Physics-Informed Bayesian Optimization of Variational Quantum Circuits
This addresses the challenge of efficiently optimizing quantum circuits for quantum computing applications, representing an incremental advance in hybrid quantum-classical methods.
The paper tackles the optimization of Variational Quantum Eigensolvers (VQEs) by proposing a physics-informed Bayesian optimization method, which reduces the number of required observations to as few as three points to determine the objective function along a one-dimensional subspace and improves over state-of-the-art baselines.

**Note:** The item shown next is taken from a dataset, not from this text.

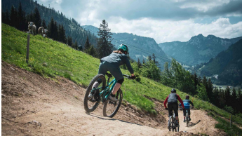
downhill-bikepark-wirihorn-biker-fahren- richtung-tal.jpg
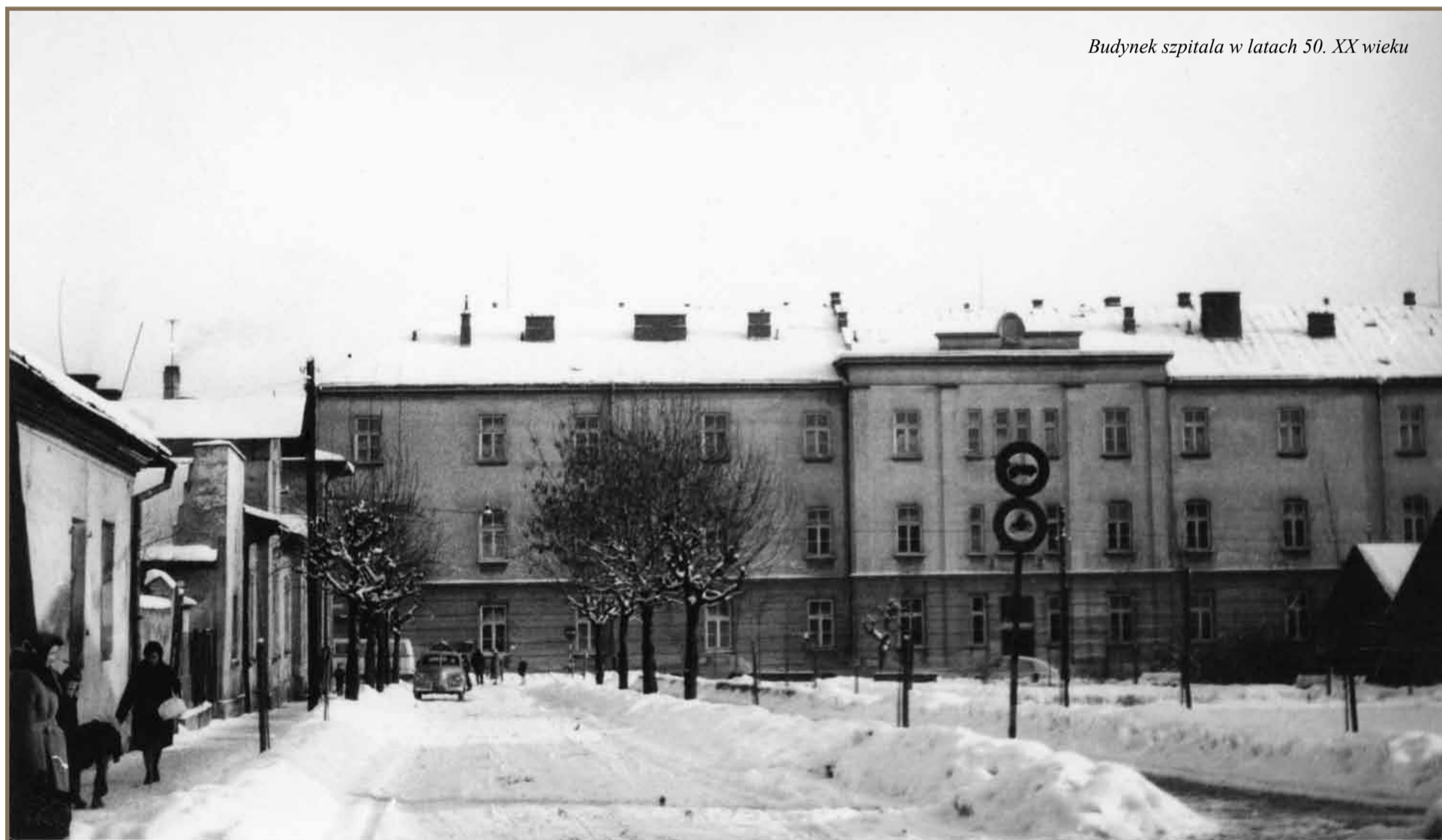
Budynek szpitala w latach 50. XX wieku

Niewiele jest szpitali w Polsce, które mogą szczycić się 180-letnią historią działalności. To okres, w którym w medycynie zmieniło się prawie wszystko – od sposobów leczenia, poprzez postęp wiedzy specjalistycznej, rozwój technologii medycznych, technik operacyjnych itd.

In this paper, we propose a novel and powerful method to harness Bayesian optimization for Variational Quantum Eigensolvers (VQEs) -- a hybrid quantum-classical protocol used to approximate the ground state of a quantum Hamiltonian. Specifically, we derive a VQE-kernel which incorporates important prior information about quantum circuits: the kernel feature map of the VQE-kernel exactly matches the known functional form of the VQE's objective function and thereby significantly reduces the posterior uncertainty. Moreover, we propose a novel acquisition function for Bayesian optimization called Expected Maximum Improvement over Confident Regions (EMICoRe) which can actively exploit the inductive bias of the VQE-kernel by treating regions with low predictive uncertainty as indirectly ``observed''. As a result, observations at as few as three points in the search domain are sufficient to determine the complete objective function along an entire one-dimensional subspace of the optimization landscape. Our numerical experiments demonstrate that our approach improves over state-of-the-art baselines.